So does Harry Potter fandom and Miley Cyrus concerts. You have no logical basis to connect irrational thinking with religious culture that doesn't apply just as aptly to ANY OTHER aspect of culture. The error is exactly the same: culture is shaped by the thoughts and choices of
individuals, not the other way around. People do not acquire their attitudes and biases from religious books, sermons, movies, theories or poems. They acquire them from their parents, siblings, relatives and friends. Doesn't matter whether you're raised by an atheist or a fundamentalist Muslim: if your father, brother and uncles are misogynists, chances are pretty good that you will be one too. If later in life you fall into a peer group that rejects misogyny outright, chances are you will too.
And those people act on those thoughts...
Which is why people, and not thoughts, are to blame. Religious tradition is chock full of complete bullshit that nobody really believes or acts on. The stuff that people DO act on is a matter of habit and custom and that has to do with what kind of person you are in the first place.
And the kind of person you are has to do with your experiences, how you grew up, who you knew, what you went through in life. Unless you grew up in a religious commune where God/Jesus/Allah occupied every waking moment of your life and the lives of the people around you, the majority of your day to day experiences were not religious in nature and your formative memories probably have nothing to do with religious thought. Those experiences color everything you do in life going forward, INCLUDING how you interpret religious beliefs.
Those beliefs do not interpret themselves, nor are they as pervasive in every day life as you seem to be implying.
A person's genetics does contribute to their behaviour, yes, absolutely, but so does their programming. Religion is part of their programming.
Religion is a minuscule part of the average person's "programming" and is actually subject to overriding influences from OTHER aspects of that upbringing. Mainly this is because the capacity to understand religion in any coherent sense generally develops long after a person's baseline character traits have already begun to take shape. By the time you're old enough for religious beliefs to really color your behavior, it's too late for it to matter.
This is one of the reason why new converts often make the worst zealots. A convert is deliberately REJECTING some aspect of his own personality and upbringing he doesn't like, including but not limited to his
conscience. With no religious upbringing at all, he will TRY to apply his newfound religion as literally and strictly as he possibly can, usually rejecting his "What the fuck am I doing?" instincts by blaming them on "the lies of Satan" or some such. In such cases, the kind of person who deliberately devotes himself to that sort of self-destructive fuckery is a person with deeper problems than religious belief.

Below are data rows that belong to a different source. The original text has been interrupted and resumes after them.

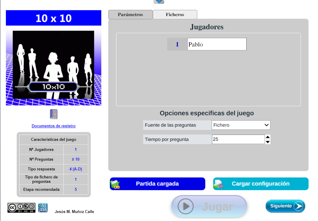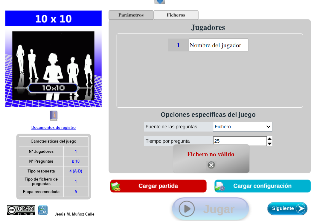 Si la selección es correcta, se cargará el fichero, el control se pondrá en azul oscuro y la partida continuará en el punto indicado por el fichero de continuación, mostrándose los parámetros de configuración cargados. En el caso de que la fuente de preguntas sea mediante ficheros de preguntas, cuando se continúe una partida, se deberá cargar el fichero de preguntas que se desee (la fuente de preguntas no se guarda, se selecciona siempre al principio del juego y se puede cambiar en el transcurso del mismo).
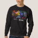 Black crew neck sweatshirt featuring the mural by Bradford Johnson from our headquarters.
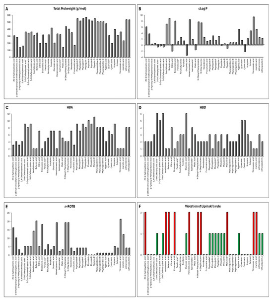 The compounds that presented cLogP values greater than 5 were the following: (R)-2-hydroxystearic acid, arachidonic acid, behenic acid, eicosanoic acid, heneicosanoic acid, N-oleoyl-phenylalanine, N-oleyl-leucine, pygenic acid, tricosanoic acid, and myristic acid (Figure 3B). In addition to a high molecular weight and lipophilicity, a compound may reduce its ability to permeate the lipid bilayer or permeate the blood–brain barrier due to the large number of hydrogen donor bonds, hydrogen acceptor bonds, and rotatable bonds [47].
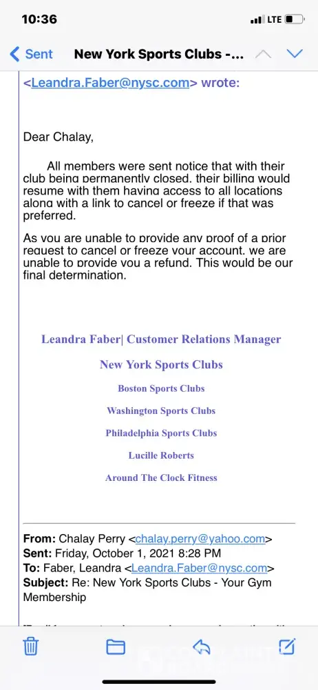 NYSC Varick Street Charging me a full year after receiving a cancellation letter from the Membership Consultant
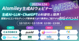 【2023年12月AIsmiley生成ウェビナーWeeK!】 生成AI・LLM・ChatGPTの利便性と限界!開発からコンサルティング簡単導入まで事例をご紹介するBIGイベント!
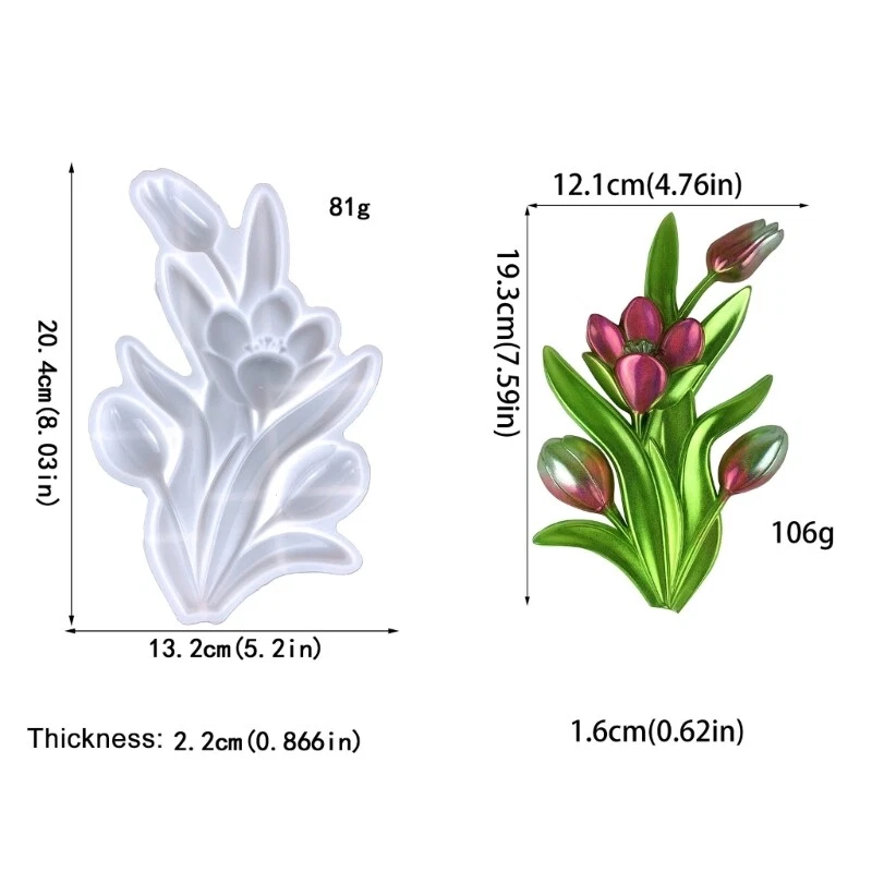 Features: Create Beautiful Tulip Flowers with Ease: This semi-3D tulip silicone mold allows you to create and realistic-tulip flowers effortlessly. High-Quality Silicone Material: Made of high-quality silicone, this mold is durable, flexible, non-stick, and easy to clean, making it perfect for all your crafting needs. Ideal-for DIY-Crafters: Whether you're a beginner or experienced-crafter, this mold is perfect for creating beautiful-tulips for your DIY projects. Versatile Usage: This mold is perfect for creating a wide of including soap, resin, clay, and more. Unleash Your Creativity: With this tulip-mold, Let your imagination run wild and create unique and beautiful that will impress everyone. Specifications: Material:Silicone Size:Approx.20.4x13.2x2.2cm/8.03x5.2x0.8" Color: Clear/Blue Package Includes: Piece Silicone Mold note: Please allow 1-2cm errors due to manual measurement,Please make sure that you do not mind before you order. Due to the difference between different monitors, the picture may not reflect the actual color of the item.

Religion isn't some magical series of incantations that can brainwash people into doing things they never would have done otherwise.
Oh but it can get people to do things they wouldn't otherwise do
No, it
really can't. Religion doesn't work that way.

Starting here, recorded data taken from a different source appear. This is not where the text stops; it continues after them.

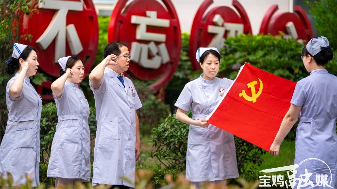 圖為衛健系統優秀共產黨員、寶雞市第二人民醫院泌尿外科主任朱坤軍(左三),帶領科室成員重溫入黨誓詞。
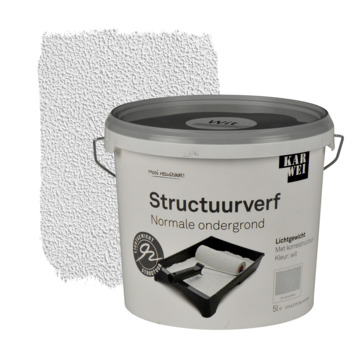De KARWEI muur- en plafond structuurverf mat wit 5 l is een goed dekkende, stootvaste structuurverf met fijne kwartskorrels. De verf weegt 30 procent minder dan een normale structuurverf en is daardoor gemakkelijker verwerkbaar. Het is toe te passen als decoratieve, stootvaste afwerklaag op muren en plafonds in woon- en slaapkamer, hal, keuken en dergelijke. De structuurverf heeft een matte afwerking en is eenvoudig aan te brengen met een muurverfroller. De emmer bevat 5 liter witte verf, dit is genoeg voor een oppervlakte van zo'n 8 vierkante meter. De muur- en plafond structuurverf is ook verkrijgbaar in diverse andere lichte kleuren in de KARWEI bouwmarkt op de verfmengmachine.
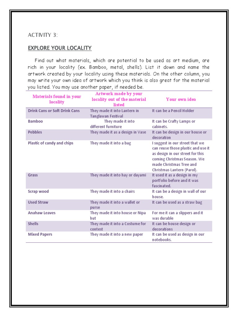 rich in your locality (ex. Bamboo, metal, shells). List it down and name the
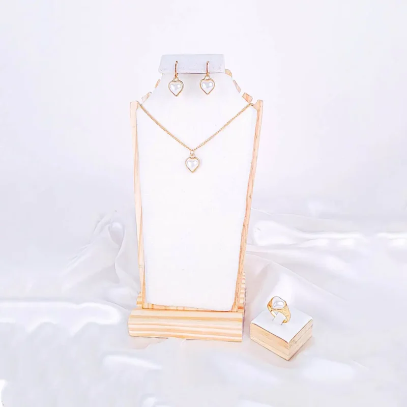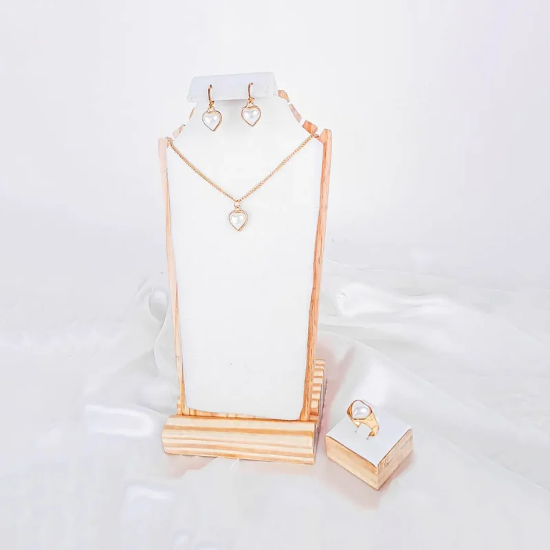 Gold Tone Pearl Heart Jewellery Set

What religion CAN do is get people to do the things they ALWAYS WANTED to do if only they had a good excuse. The world is complex, and society doubly so; excuses have always been easy to come by, and religion has always been a popular one.

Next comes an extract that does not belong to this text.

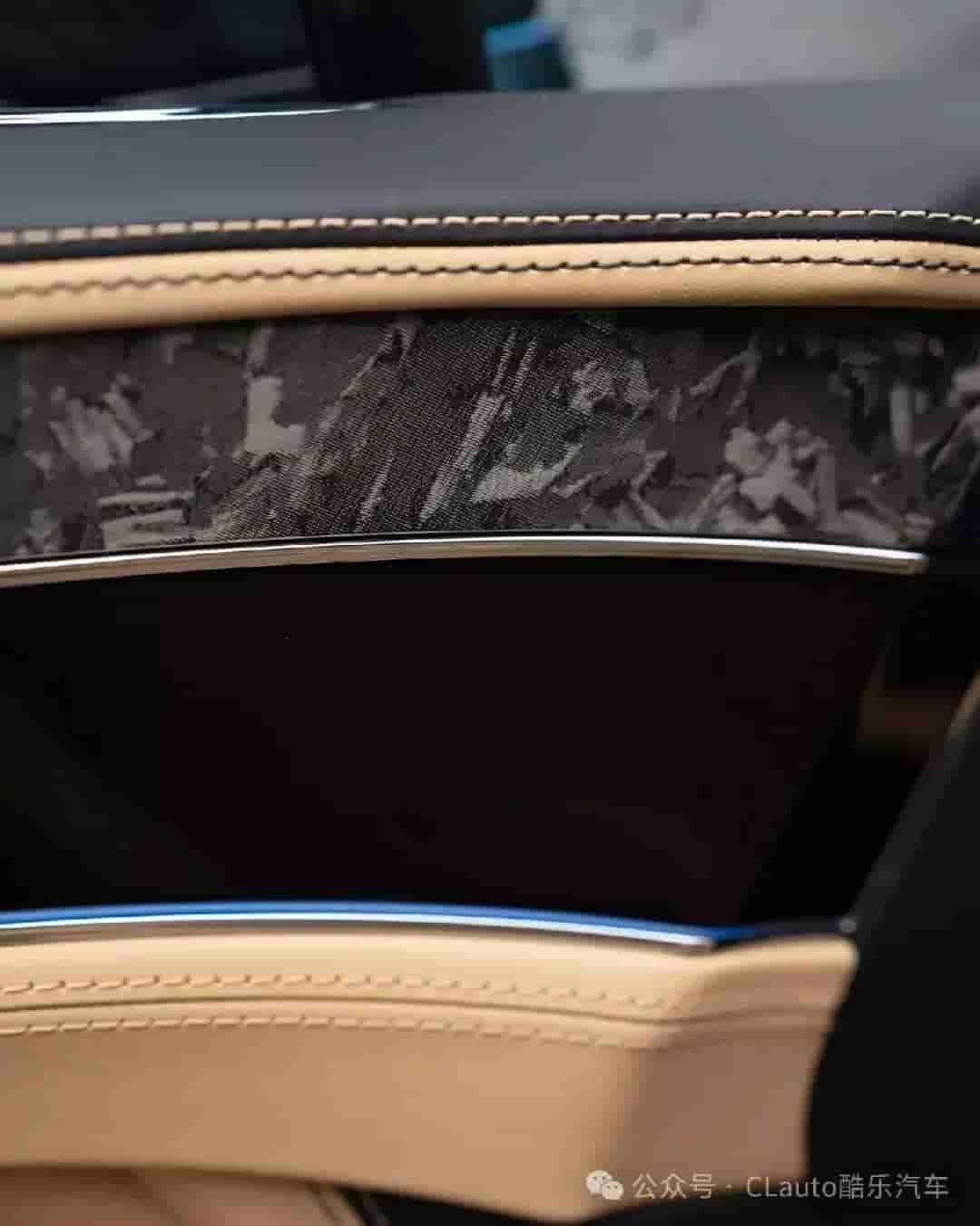 内饰方面,迈莎锐同样进行了精心改装。座椅和车门内饰板采用了浅棕褐色皮革包裹,营造出一种温馨而豪华的氛围。车门内饰板和仪表板上则点缀着锻造碳纤维饰件,进一步提升了内饰的质感。迈莎锐还换上了自家品牌的安全带和新的脚垫,并对方向盘的形状进行了微调,使得驾驶体验更加出色。

Do you think that absent any cultural tradition or religious influence people would look at a baby's penis and say "We need to chop that up a bit"?
That's just what I'm talking about: "cultural tradition" and "religious influence" are not the same thing. They're not even that closely related. If you ask most Christian parents, they don't really even know WHY they perform circumcision; they do it because that's just what everyone does, isn't it? Circumcision has exactly ZERO significance in Christianity, but it's a western tradition that is followed anyway because thinking for yourself over every little thing is time consuming and most people only do so when there's something in it for them.
As for religious traditions, religious people obey those traditions PRECISELY to the extent those traditions are convenient for them. The moment they are not, they are rejected or ignored. This is the whole reason why Abrahamic religions used to have all these draconian enforcement methods and physical punishment of sins, because deep down nobody REALLY believes that God is watching them nor does anyone REALLY believe they'll go to hell for their sons. But being publicly shamed by religious authorities, ostracized by your piers, or jailed/killed by morality police is a more tangible threat, and people will obey THOSE authorities to the extent they are unable to avoid them.
But I have had too many Muslims tell me "drinking alcohol is forbidden" over a glass (or bottle) of wine to take your claim seriously, and even the most devout Christians consistently engage in premarital sex.
I would go so far as to say that the overwhelming majority of religious believers only continue to follow their religion because of the need to conform with their chosen peer group. Of the 20 or 30 people i can think of who would describe themselves as Christian, I would be surprised if more than 5 of them ever actually read the Bible. Most of the others are only Christians because their parents and relatives are and it's easier to just say "Amen" at thanksgiving dinner than start a 20 minute debate about how Christianity makes no sense with people who don't really care and aren't going to agree with you anyway.
How about Bacon? You think so many would resist it if not programmed to think it is evil?
I take it you've never met a non-Muslim or non-Jew who refuses to eat pork?
You need to study up on psychology and on cults.
You need to get out of your post-racial hippy commune and study up on EVERYTHING.